Activity: Repeat verbatim, and only, the lines of the data below, beginning at the line that contains "Key 2020 PDF |" and stopping after the line that contains "また、引き出しや収納スペース".

Source data:
□ □ □
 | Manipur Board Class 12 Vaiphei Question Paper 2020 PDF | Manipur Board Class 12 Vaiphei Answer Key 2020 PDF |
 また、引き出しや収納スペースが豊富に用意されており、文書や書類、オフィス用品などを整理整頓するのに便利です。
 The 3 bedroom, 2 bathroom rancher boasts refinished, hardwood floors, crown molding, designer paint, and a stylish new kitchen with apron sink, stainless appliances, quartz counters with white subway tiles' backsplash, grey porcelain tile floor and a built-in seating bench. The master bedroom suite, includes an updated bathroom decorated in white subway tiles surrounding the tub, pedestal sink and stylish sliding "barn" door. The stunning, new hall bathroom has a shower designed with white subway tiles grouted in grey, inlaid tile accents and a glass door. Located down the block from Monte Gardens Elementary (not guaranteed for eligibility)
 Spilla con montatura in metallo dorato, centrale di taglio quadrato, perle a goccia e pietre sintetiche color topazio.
□ □ □
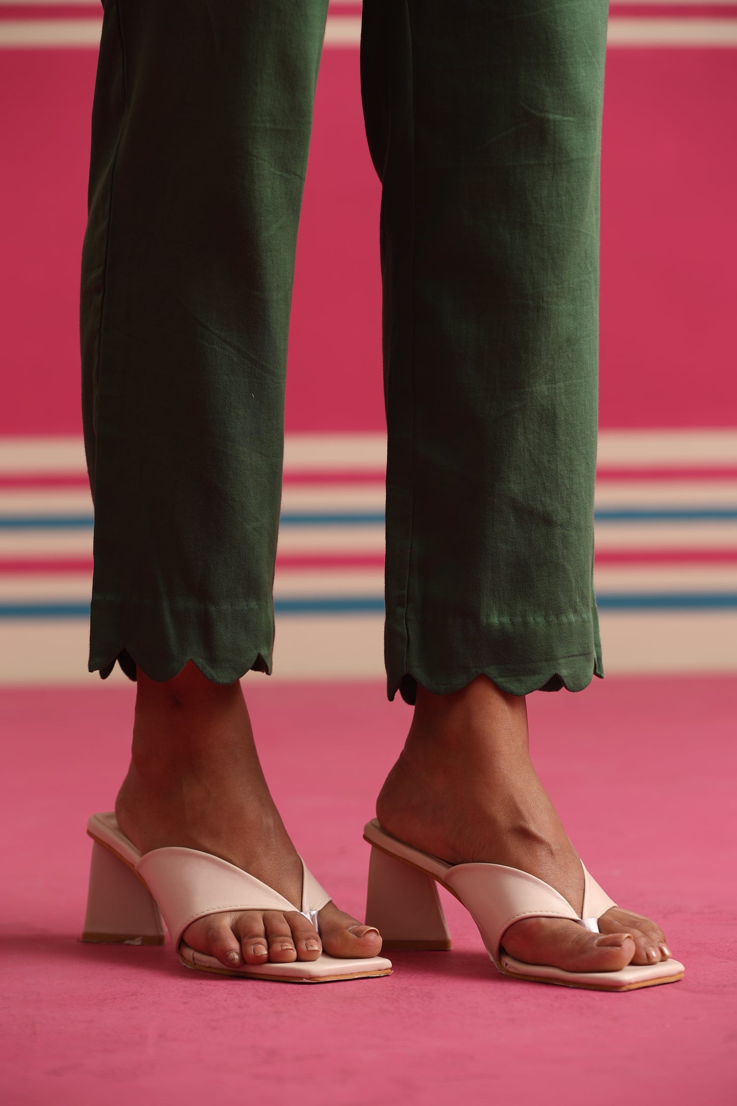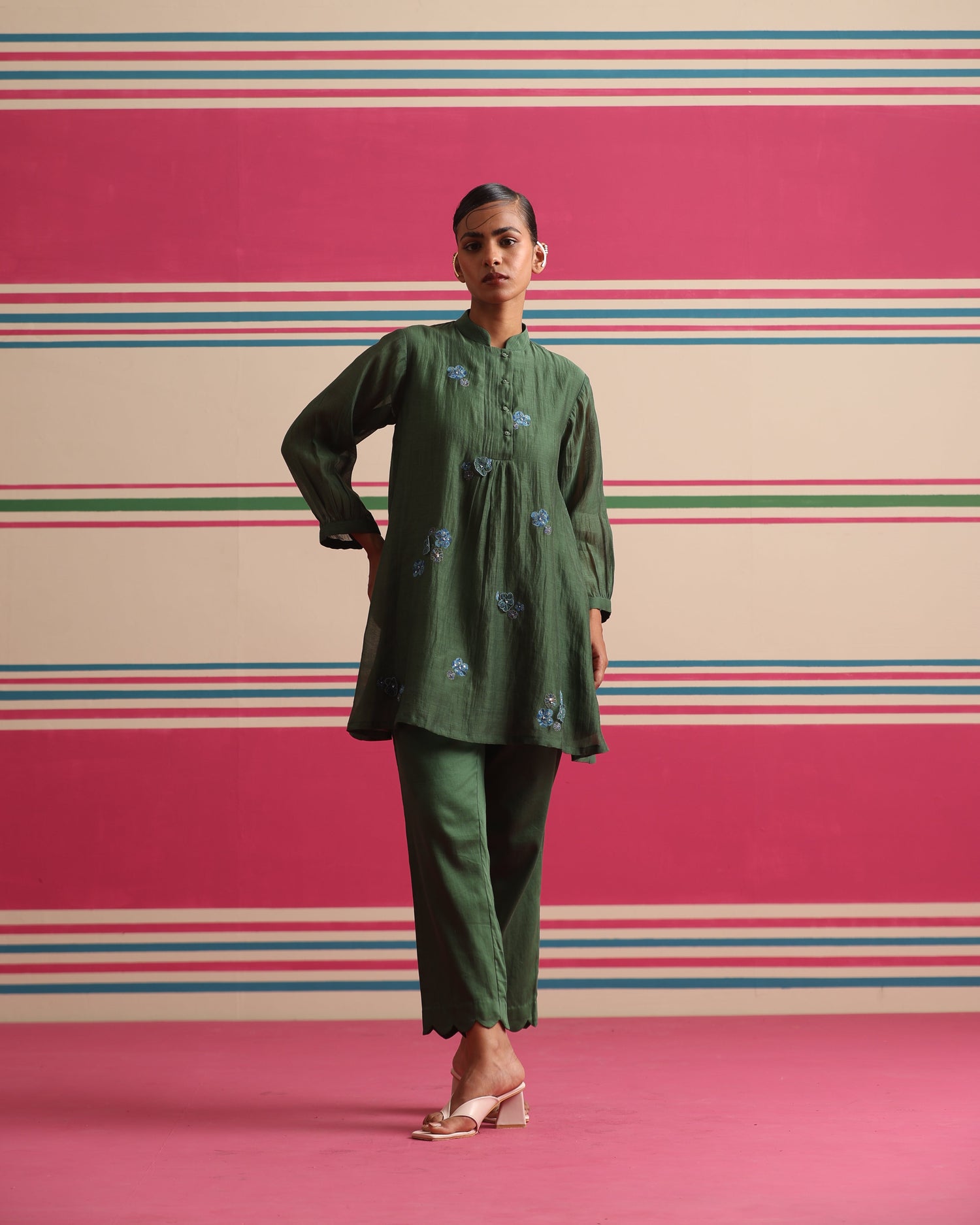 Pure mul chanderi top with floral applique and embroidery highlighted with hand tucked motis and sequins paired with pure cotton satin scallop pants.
□ □ □
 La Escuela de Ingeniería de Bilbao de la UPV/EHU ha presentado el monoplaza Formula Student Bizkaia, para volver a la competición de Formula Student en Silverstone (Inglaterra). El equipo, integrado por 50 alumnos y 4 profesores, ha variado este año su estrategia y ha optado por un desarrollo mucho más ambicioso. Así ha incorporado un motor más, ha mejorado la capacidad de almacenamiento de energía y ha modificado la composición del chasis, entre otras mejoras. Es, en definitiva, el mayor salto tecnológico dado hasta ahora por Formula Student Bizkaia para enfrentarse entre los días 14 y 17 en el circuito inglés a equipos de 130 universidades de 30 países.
□ □ □
Output below:
 | Manipur Board Class 12 Vaiphei Question Paper 2020 PDF | Manipur Board Class 12 Vaiphei Answer Key 2020 PDF |
 また、引き出しや収納スペースが豊富に用意されており、文書や書類、オフィス用品などを整理整頓するのに便利です。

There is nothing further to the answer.